Data excerpts:
=== Begin Enclosure ===

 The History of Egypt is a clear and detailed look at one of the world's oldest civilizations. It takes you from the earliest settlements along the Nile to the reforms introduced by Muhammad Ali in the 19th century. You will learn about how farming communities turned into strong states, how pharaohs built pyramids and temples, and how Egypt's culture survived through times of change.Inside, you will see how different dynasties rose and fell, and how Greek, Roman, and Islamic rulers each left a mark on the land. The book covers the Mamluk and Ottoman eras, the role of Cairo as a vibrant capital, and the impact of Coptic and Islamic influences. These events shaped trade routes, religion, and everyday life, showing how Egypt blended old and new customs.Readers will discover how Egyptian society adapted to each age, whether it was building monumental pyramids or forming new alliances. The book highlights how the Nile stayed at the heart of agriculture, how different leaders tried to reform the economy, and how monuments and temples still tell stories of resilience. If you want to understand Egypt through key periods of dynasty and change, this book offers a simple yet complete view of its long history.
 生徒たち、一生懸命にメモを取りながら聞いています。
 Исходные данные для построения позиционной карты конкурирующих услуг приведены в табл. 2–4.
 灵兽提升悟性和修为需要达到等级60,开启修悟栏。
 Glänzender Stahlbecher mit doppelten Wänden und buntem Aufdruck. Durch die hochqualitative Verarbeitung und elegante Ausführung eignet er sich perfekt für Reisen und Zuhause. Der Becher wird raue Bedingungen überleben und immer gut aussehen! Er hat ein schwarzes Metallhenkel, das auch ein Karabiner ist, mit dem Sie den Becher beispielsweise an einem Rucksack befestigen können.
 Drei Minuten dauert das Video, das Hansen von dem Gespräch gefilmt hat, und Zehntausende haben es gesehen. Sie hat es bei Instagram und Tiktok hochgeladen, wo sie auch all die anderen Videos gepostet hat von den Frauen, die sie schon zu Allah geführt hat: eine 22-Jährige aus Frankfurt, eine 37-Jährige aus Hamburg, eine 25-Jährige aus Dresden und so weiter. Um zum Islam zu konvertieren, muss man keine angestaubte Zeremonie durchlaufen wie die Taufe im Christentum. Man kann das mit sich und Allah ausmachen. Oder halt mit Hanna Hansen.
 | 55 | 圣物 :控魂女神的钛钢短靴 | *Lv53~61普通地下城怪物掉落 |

=== End Enclosure ===
=== Begin Enclosure ===

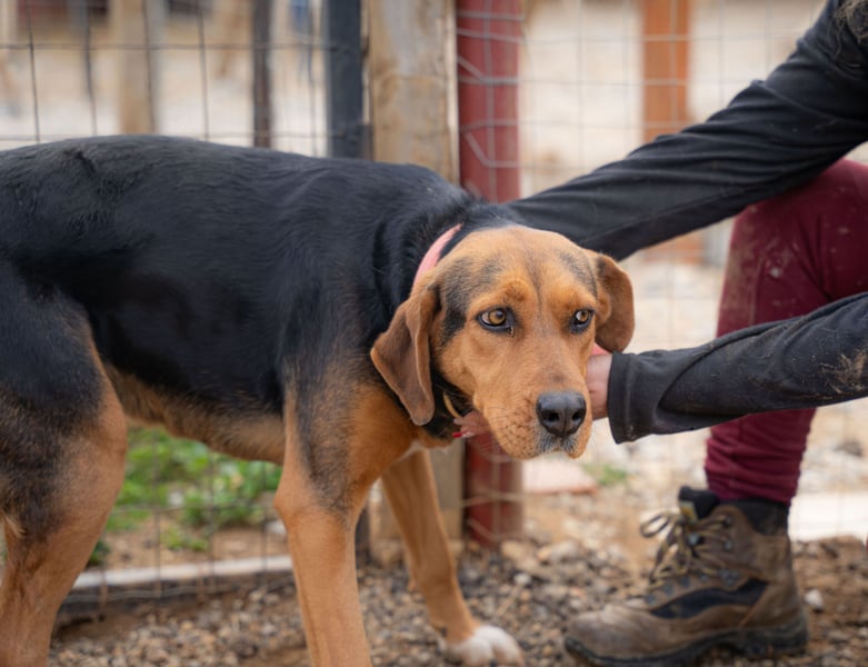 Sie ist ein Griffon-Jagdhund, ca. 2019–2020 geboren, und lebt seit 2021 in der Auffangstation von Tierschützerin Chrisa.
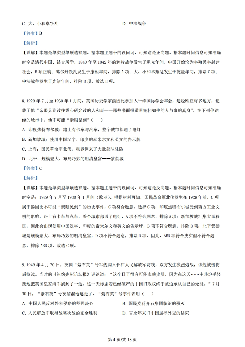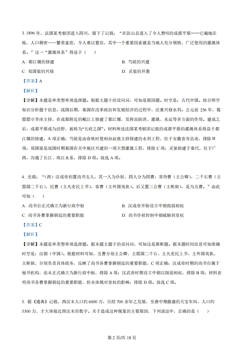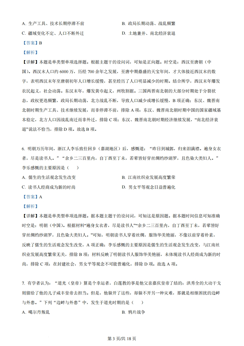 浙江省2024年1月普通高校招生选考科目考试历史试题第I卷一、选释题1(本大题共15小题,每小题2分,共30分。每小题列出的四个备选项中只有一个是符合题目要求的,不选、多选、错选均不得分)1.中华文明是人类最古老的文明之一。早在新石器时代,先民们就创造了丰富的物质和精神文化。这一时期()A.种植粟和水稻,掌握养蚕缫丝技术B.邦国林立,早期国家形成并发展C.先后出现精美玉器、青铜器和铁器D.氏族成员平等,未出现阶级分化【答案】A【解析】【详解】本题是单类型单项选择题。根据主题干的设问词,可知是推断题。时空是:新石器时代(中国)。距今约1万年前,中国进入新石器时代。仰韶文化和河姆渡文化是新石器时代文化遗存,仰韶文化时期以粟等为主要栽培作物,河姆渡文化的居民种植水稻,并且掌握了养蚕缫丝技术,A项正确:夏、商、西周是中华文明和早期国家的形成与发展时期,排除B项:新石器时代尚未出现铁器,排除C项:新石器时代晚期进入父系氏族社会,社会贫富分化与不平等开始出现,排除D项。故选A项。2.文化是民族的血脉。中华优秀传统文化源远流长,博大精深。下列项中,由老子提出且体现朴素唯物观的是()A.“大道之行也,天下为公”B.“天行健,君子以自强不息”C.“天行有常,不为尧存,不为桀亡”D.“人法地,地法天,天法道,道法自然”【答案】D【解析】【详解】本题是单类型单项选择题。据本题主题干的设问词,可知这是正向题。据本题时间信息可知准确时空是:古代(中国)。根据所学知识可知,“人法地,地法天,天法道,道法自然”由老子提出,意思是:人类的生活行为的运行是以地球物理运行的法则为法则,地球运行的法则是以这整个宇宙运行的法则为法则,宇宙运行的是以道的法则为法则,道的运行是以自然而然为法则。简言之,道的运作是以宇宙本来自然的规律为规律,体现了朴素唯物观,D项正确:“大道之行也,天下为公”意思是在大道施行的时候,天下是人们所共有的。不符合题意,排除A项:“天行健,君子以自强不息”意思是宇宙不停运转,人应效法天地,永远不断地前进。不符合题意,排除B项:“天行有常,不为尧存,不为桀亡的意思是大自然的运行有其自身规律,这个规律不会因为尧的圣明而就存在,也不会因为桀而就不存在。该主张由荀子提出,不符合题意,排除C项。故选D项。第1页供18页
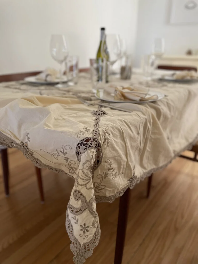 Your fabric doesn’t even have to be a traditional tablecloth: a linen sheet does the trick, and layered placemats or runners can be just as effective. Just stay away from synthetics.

=== End Enclosure ===

What is needed: In the listing above, find the line with "Sie ist ein" and the line with "Your fabric doesn’t". Copy exactly those two and every line between, without the pictures.

Written response:
 Sie ist ein Griffon-Jagdhund, ca. 2019–2020 geboren, und lebt seit 2021 in der Auffangstation von Tierschützerin Chrisa.
 浙江省2024年1月普通高校招生选考科目考试历史试题第I卷一、选释题1(本大题共15小题,每小题2分,共30分。每小题列出的四个备选项中只有一个是符合题目要求的,不选、多选、错选均不得分)1.中华文明是人类最古老的文明之一。早在新石器时代,先民们就创造了丰富的物质和精神文化。这一时期()A.种植粟和水稻,掌握养蚕缫丝技术B.邦国林立,早期国家形成并发展C.先后出现精美玉器、青铜器和铁器D.氏族成员平等,未出现阶级分化【答案】A【解析】【详解】本题是单类型单项选择题。根据主题干的设问词,可知是推断题。时空是:新石器时代(中国)。距今约1万年前,中国进入新石器时代。仰韶文化和河姆渡文化是新石器时代文化遗存,仰韶文化时期以粟等为主要栽培作物,河姆渡文化的居民种植水稻,并且掌握了养蚕缫丝技术,A项正确:夏、商、西周是中华文明和早期国家的形成与发展时期,排除B项:新石器时代尚未出现铁器,排除C项:新石器时代晚期进入父系氏族社会,社会贫富分化与不平等开始出现,排除D项。故选A项。2.文化是民族的血脉。中华优秀传统文化源远流长,博大精深。下列项中,由老子提出且体现朴素唯物观的是()A.“大道之行也,天下为公”B.“天行健,君子以自强不息”C.“天行有常,不为尧存,不为桀亡”D.“人法地,地法天,天法道,道法自然”【答案】D【解析】【详解】本题是单类型单项选择题。据本题主题干的设问词,可知这是正向题。据本题时间信息可知准确时空是:古代(中国)。根据所学知识可知,“人法地,地法天,天法道,道法自然”由老子提出,意思是:人类的生活行为的运行是以地球物理运行的法则为法则,地球运行的法则是以这整个宇宙运行的法则为法则,宇宙运行的是以道的法则为法则,道的运行是以自然而然为法则。简言之,道的运作是以宇宙本来自然的规律为规律,体现了朴素唯物观,D项正确:“大道之行也,天下为公”意思是在大道施行的时候,天下是人们所共有的。不符合题意,排除A项:“天行健,君子以自强不息”意思是宇宙不停运转,人应效法天地,永远不断地前进。不符合题意,排除B项:“天行有常,不为尧存,不为桀亡的意思是大自然的运行有其自身规律,这个规律不会因为尧的圣明而就存在,也不会因为桀而就不存在。该主张由荀子提出,不符合题意,排除C项。故选D项。第1页供18页
 Your fabric doesn’t even have to be a traditional tablecloth: a linen sheet does the trick, and layered placemats or runners can be just as effective. Just stay away from synthetics.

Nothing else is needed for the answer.